* _WORK ITEM_: Having located "Your Position: Home>NFL" in the listing below, write out its line and every following line exactly, last line included, without the pictures.

* _MATERIAL PROVIDED_:

★ ★ ★ ★ ★

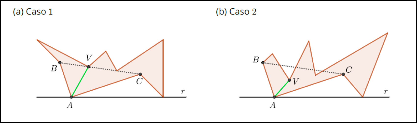 Demonstração. Sejam 𝑘 ≥ 4 um inteiro, 𝑃 um polígono cujos vértices são 𝐴1(𝑥1, 𝑦1), . . ., 𝐴k (𝑥𝑘, 𝑦k) e 𝑟 (Figura 3). Sejam 𝐴 um vértice de 𝑃 que pertence à reta 𝑟 e, 𝘉 e 𝐶 os vértices de 𝑃 que são adjacentes ao vértice 𝐴. Se o segmento 𝘉𝐶 é uma diagonal de 𝑃, tem-se o resultado. Resta, então, analisar o caso em que 𝘉𝐶 não é uma diagonal de 𝑃. Se não existem vértices de 𝑃 no interior do triângulo 𝐴𝘉𝐶 e 𝑉 é um vértice qualquer de 𝑃 que pertence ao segmento 𝘉𝐶, então o segmento 𝐴𝑉 é uma diagonal de 𝑃 (Figura 3a). Se, porém, existem vértices de 𝑃 no interior do triângulo 𝐴𝘉𝐶 e 𝑉 é um vértice de 𝑃 no interior do triângulo cuja ordenada é a menor dentre todas as possibilidades, então o segmento 𝐴𝑉 é uma diagonal de 𝑃 (Figura 3b).
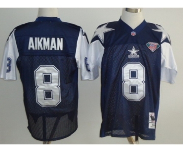 Your Position: Home>NFL M&N Throwback Jerseys>Dallas Cowboys>Dallas Cowboys #8 Troy Aikman Blue Thanksgiving 75TH Throwback Jersey
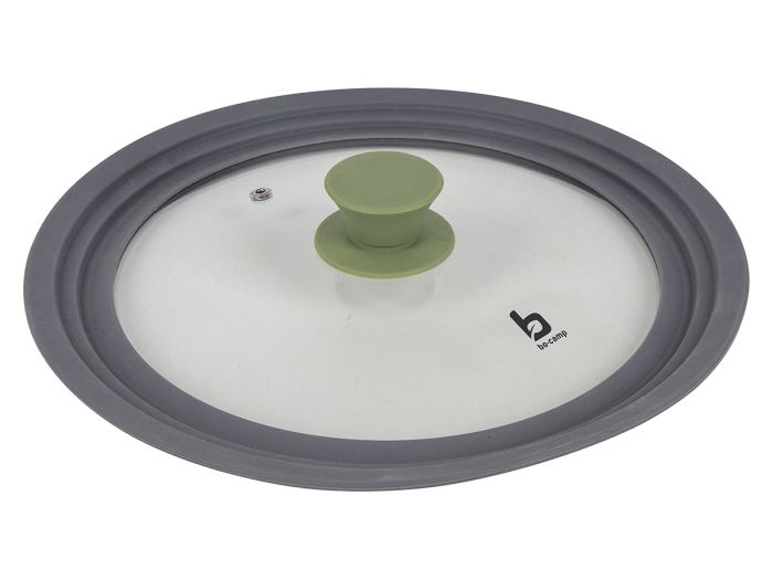 Uniwersalna pokrywka Bo-Camp jest wykonana ze szkła i wyposażona w silikonową krawędź oraz uchwyt. Pokrywka pasuje do patelni o średnicy 24, 26 lub 28 cm.

★ ★ ★ ★ ★

* _EXERCISE SOLUTION_:
 Your Position: Home>NFL M&N Throwback Jerseys>Dallas Cowboys>Dallas Cowboys #8 Troy Aikman Blue Thanksgiving 75TH Throwback Jersey
 Uniwersalna pokrywka Bo-Camp jest wykonana ze szkła i wyposażona w silikonową krawędź oraz uchwyt. Pokrywka pasuje do patelni o średnicy 24, 26 lub 28 cm.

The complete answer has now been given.